→ **RECORDS FOR THE TASK**
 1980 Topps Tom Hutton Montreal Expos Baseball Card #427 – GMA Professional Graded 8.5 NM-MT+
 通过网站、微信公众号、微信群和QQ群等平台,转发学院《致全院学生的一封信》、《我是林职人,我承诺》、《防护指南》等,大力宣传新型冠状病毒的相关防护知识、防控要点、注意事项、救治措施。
...
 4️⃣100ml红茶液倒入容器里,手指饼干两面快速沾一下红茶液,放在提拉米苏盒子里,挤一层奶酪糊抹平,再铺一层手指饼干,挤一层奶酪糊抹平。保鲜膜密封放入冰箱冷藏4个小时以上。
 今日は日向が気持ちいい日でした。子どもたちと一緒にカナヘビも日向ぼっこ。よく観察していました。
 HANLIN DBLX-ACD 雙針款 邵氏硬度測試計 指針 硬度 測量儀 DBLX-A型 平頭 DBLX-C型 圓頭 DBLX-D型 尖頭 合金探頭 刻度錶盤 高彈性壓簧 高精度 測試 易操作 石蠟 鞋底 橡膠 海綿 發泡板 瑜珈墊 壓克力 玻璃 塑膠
==
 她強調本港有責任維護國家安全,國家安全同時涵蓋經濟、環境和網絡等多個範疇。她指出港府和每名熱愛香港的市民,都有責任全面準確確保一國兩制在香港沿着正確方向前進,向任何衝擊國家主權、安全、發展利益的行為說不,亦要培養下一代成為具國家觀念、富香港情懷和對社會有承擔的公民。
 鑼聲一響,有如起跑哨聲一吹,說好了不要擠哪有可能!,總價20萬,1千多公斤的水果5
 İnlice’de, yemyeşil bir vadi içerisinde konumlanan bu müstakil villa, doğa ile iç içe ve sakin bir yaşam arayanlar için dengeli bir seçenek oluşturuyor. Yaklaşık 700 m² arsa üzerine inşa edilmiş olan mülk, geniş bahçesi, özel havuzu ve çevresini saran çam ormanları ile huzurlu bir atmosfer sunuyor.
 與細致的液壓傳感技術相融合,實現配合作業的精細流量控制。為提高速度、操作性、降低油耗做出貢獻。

→ **WHAT THE TASK ASKS**
Above are records; repeat only the lines starting at the line with "1980 Topps Tom" and ending at the line with "通过网站、微信公众号、微信群", exactly as they appear, both included.

→ **RESULT OF THIS EXERCISE**
 1980 Topps Tom Hutton Montreal Expos Baseball Card #427 – GMA Professional Graded 8.5 NM-MT+
 通过网站、微信公众号、微信群和QQ群等平台,转发学院《致全院学生的一封信》、《我是林职人,我承诺》、《防护指南》等,大力宣传新型冠状病毒的相关防护知识、防控要点、注意事项、救治措施。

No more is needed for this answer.